The Court found that because the in rem and in personam claims resulted from the same debt, they were inextricably interrelated. Allowing two claims to proceed, would create the risk of two recoveries for the same enrichment.
b) The Singapore Judgment
The application was dismissed on – in essence – two main grounds. (1) The competing claims (in the form of the maritime lien) did not disclose any prima facie case for relief, and (2) that the claims of the purchasers and the physical suppliers were not adverse to each other and therefore not suitable for interpleader relief.
This judgment seems to suggest two things: (1) In Singapore an interpleader does not provide for a solutions for Owners to rid themselves of claims brought by ING and physical suppliers. (2) It appears that Singapore law does not afford the physical suppliers a direct claim against the purchaser of the bunkers on the basis of the bunker delivery alone.
Recent developments – the Greek Judgments
As recently reported by TradeWinds, two Greek courts have handed down two judgments rejecting physical suppliers’ claims for the arrest of ships they had supplied with bunkers. The ships’ managers had contracted with OW Bunker Malta Ltd for delivery of bunkers, who in turn contracted with the physical suppliers. The courts held that the contracts were to be dealt with separately and that therefore the physical suppliers could not bring claims against the vessels directly. Good news for Owners who bunker in Greece – it seems that they will be spared from being subjected to competing claims.
What can be learned from these judgments?
That the courts came to such different conclusions has numerous reasons, not least that they all revolve around different factual scenarios. Above all, however, it is rooted in the different legal frameworks binding the judges. And this is the crux: The courts can only ever find national solutions to a transnational problem.

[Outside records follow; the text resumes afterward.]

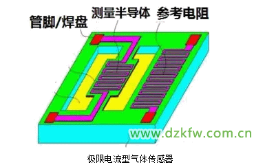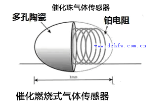 這種傳感器實(shí)際上是基于鉑電阻溫度傳感器的一種氣體傳感器,即在鉑電阻表面制備耐高溫催化劑層,在一定溫度下,可燃?xì)怏w在表面催化燃燒,因此鉑電阻溫度升高,導(dǎo)致電阻的阻值變化。
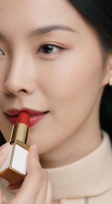 产品宣传广告,无字幕。 完整台词:GD高定口红,白晶奢华感外壳,浓郁正红一抹显白,丝绒质地持久锁色,为你加持气场,每一次出场都成焦点。
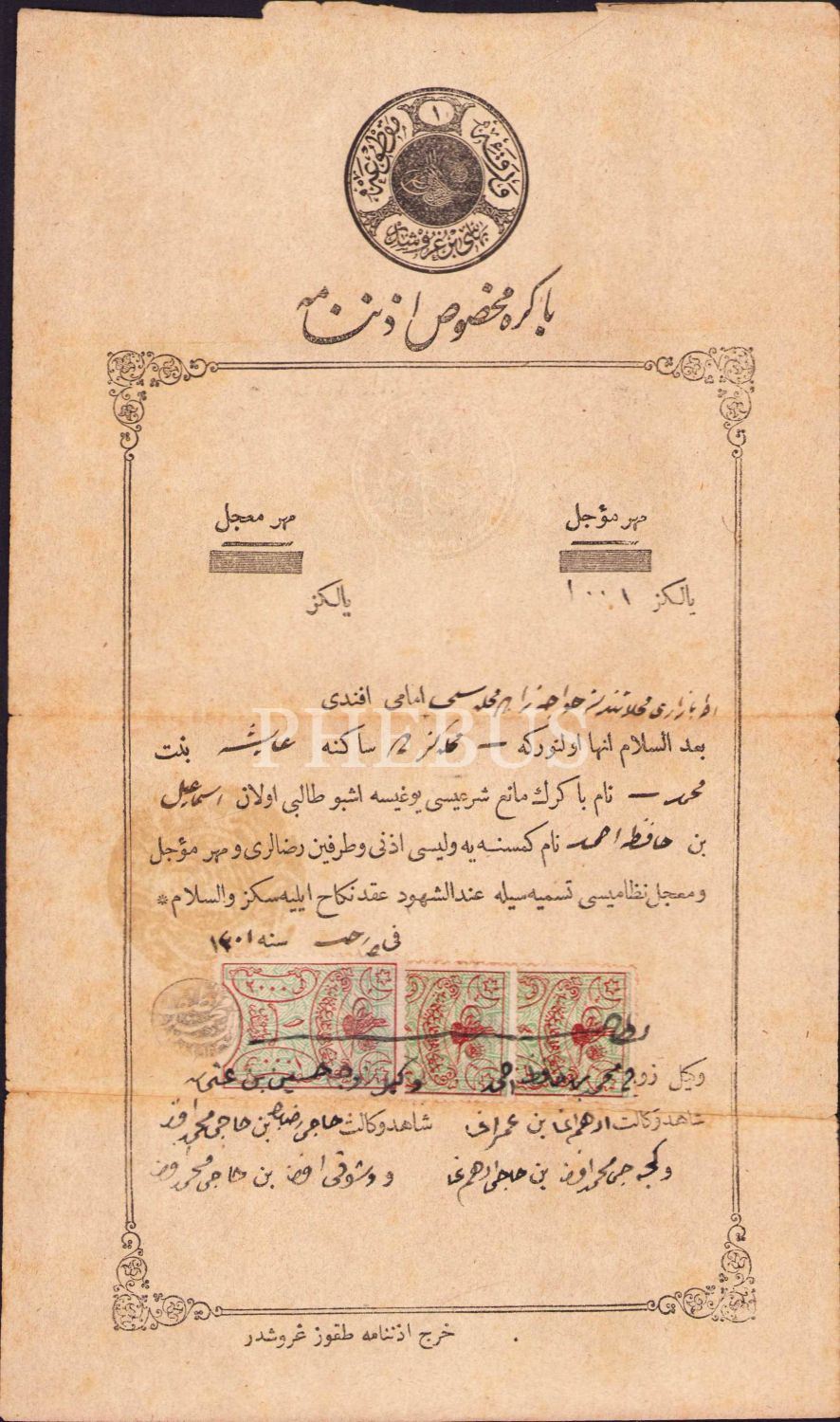 Hafız Ahmet'e ait Osmanlıca 1301 tarihli evlilik izinname belgesi, 14x22 cm

So what, then, can be done by the industry to avoid such clutter in the future?
The BIMCO Clause – a practical approach?
BIMCO has published a bunker non-lien clause for time charter parties intending to protect Owners from arrests that are cause by time charterers’ failure to pay for bunkers ordered. The clause obliges charterers:
(1) to inform the sellers of the bunkers in writing that the bunkers supplied are for the charterers account and that no lien shall arise on the vessel;
(2) to inform the owners of the sellers’ details and provide them with a copy of the non-lien notice.
If charterers fail to comply with point (2) the master shall be entitled to refuse to accept bunkers with all time so lost being for charterers account.
While this prima facie appears to provide a practicable approach, the commercial reality may very well be a different one, as charterers may refuse to insert the clause or – even if it is inserted – the Master may feel pressured to load bunkers despite the clause not being complied with. Further, it does not appear to apply where the sellers and the suppliers are not identical. A further downside is that while the clause may be working in many jurisdictions, mandatory national laws may always apply and therefore, until there is a transnational solution to the question of whether the physical supplier may arrest a ship for unpaid bunker, Owners who charter their ships out may never be 100% safe. Whether the clause has a noticeable impact remains to be seen.
The void of uncertainty Owners were facing initially has given way to a patchwork of different solutions offered by national courts. In particular the position under English law still leaves many questions unanswered, and it remains to be seen whether the Supreme Court judgment will provide clarification. For now, involved parties are best advised to tread carefully and to seek competent advice at an early stage in order to minimize their risk.